The 256k context length is a critical feature for local practitioners. It enables the ingestion of entire codebases or long-form technical documentation without the aggressive needle-in-a-haystack degradation seen in smaller models. Because it was continually pretrained from the Kimi-K2-Base, it retains high stability in instruction-following even at the edges of its context window.
Kimi K2.5 is positioned as a "reasoning" model first. It excels in tasks where logic and multi-step planning are required, particularly in Kimi K2.5 for coding and complex mathematical derivation.
The biggest hurdle for this model is the Kimi K2.5 VRAM requirements. Even with MoE efficiency, you must fit the 1000B parameters into memory. For local practitioners, this necessitates heavy quantization or multi-GPU setups.
To run 1000B model on consumer GPUs, you must use 4-bit quantization or lower.

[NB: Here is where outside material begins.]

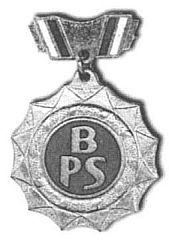 Badge (gold): gold plaque with a 12-pointed star in it. In the central medallion there were the letters B / PS on red background, surrounded by a stylized wreath.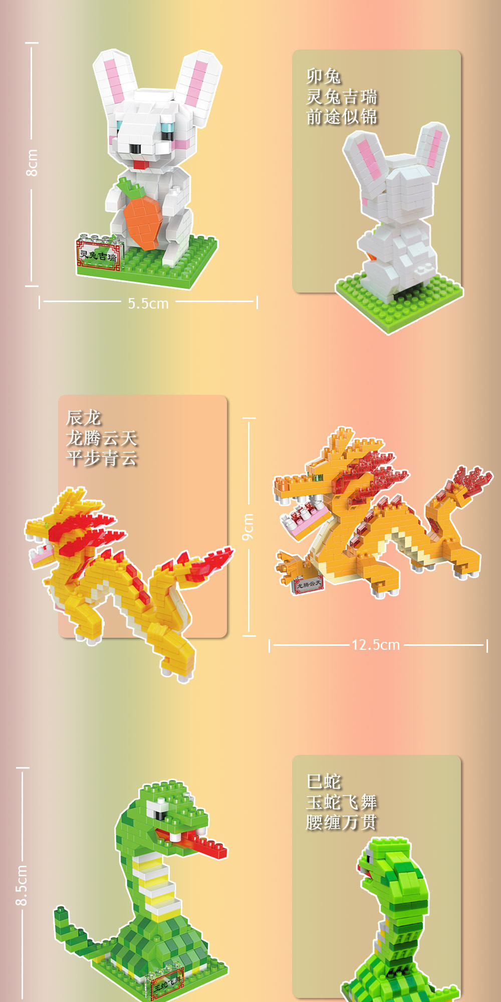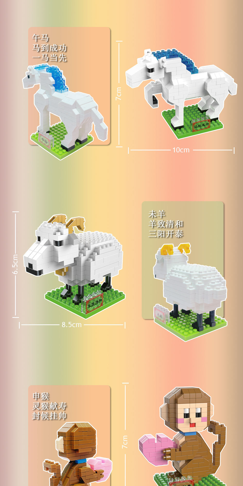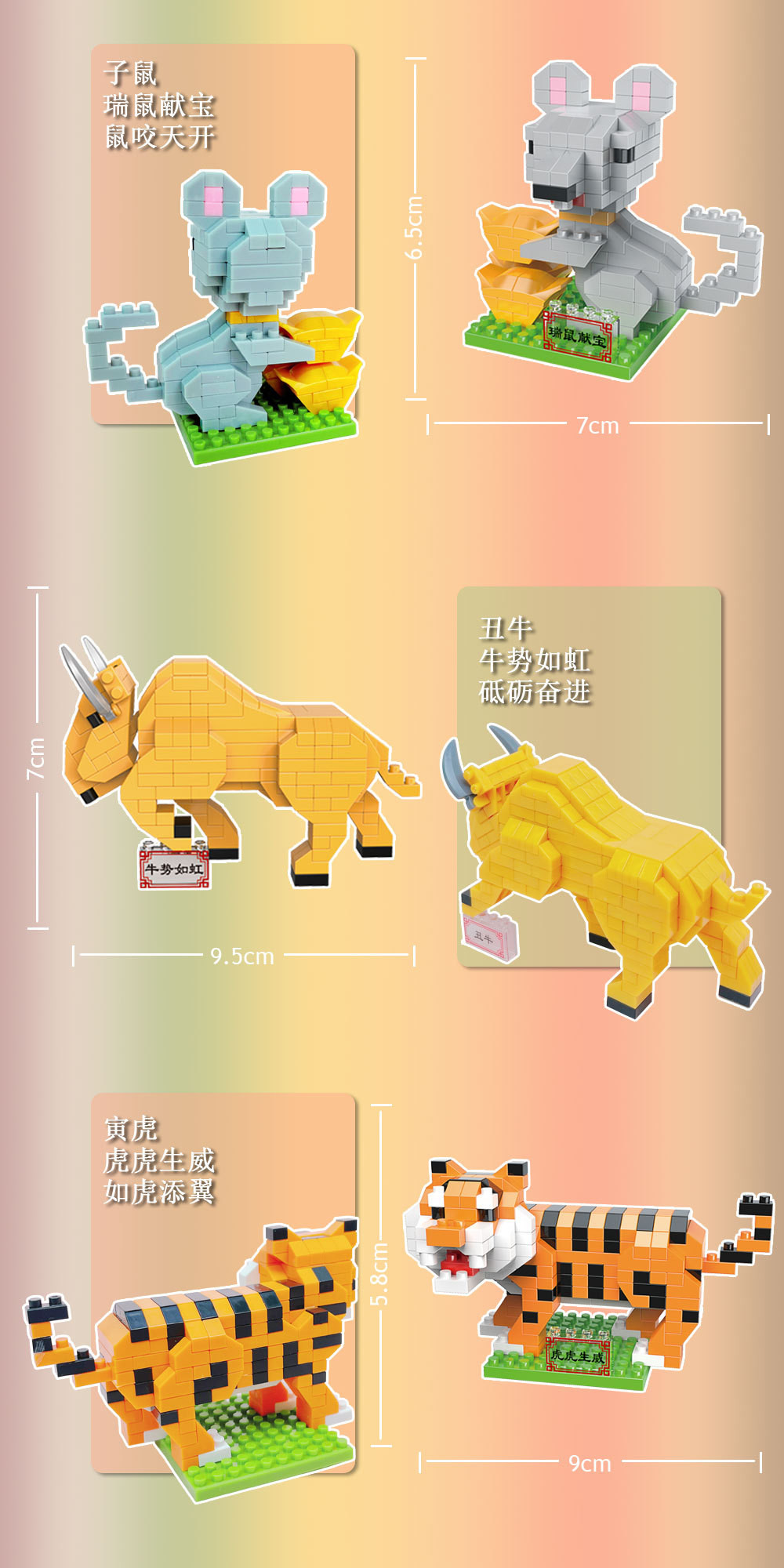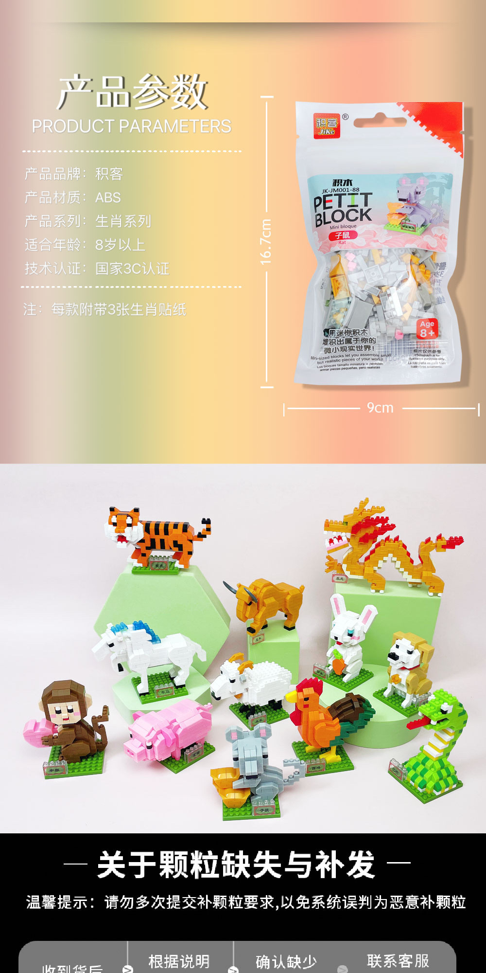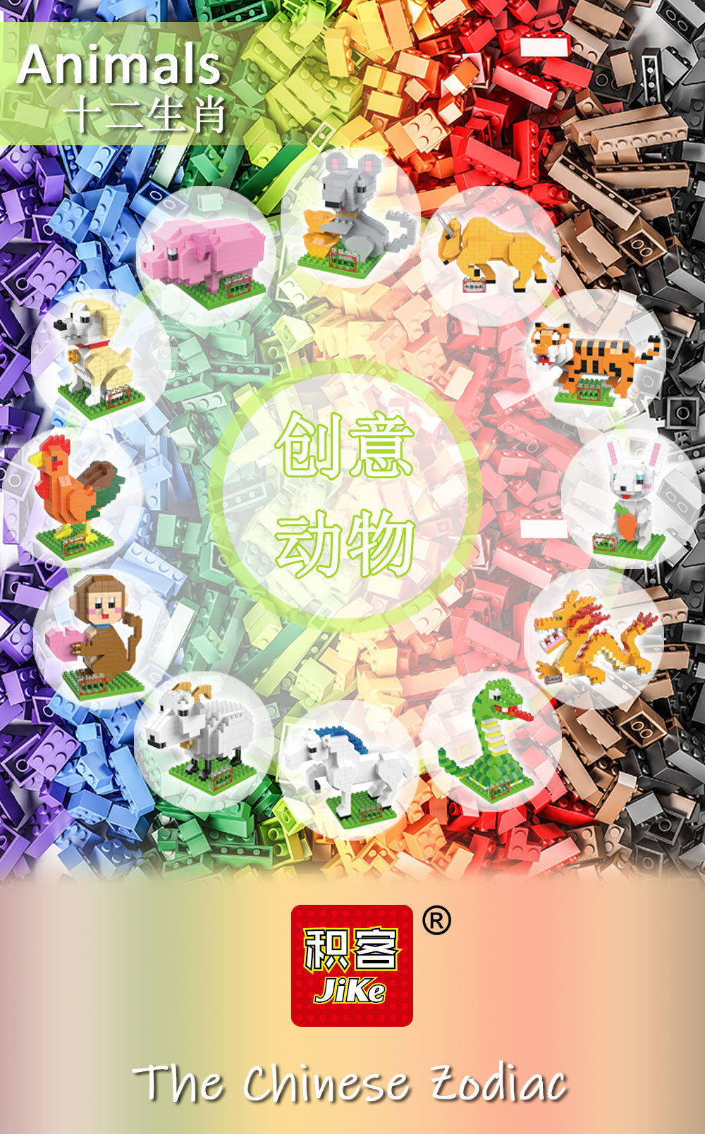 Jike Building Blocks Chinese Zodiac Educational 3D Cartoon Animal Building Blocks Children's Day Gift

llama.cpp to run the GGUF versions. Ollama manages the memory offloading across multiple GPUs automatically, which is essential for a model of this scale.On a high-end multi-GPU setup, expect Kimi K2.5 tokens per second to range between 5-15 t/s depending on the active expert utilization and your NVLink configuration. In "Thinking Mode," the perceived speed will be lower as the model generates internal reasoning tokens before providing the final answer.
When evaluating local AI model 1000B parameters 2025 options, Kimi K2.5 is often compared to DeepSeek-V3 and Llama 3.1 405B.
Kimi K2.5 is the current gold standard for practitioners who need a massive, multimodal "brain" for local deployment and have the hardware budget to support a 1000B parameter footprint. Its MoE design ensures that once the VRAM hurdle is cleared, the actual user experience is remarkably fluid.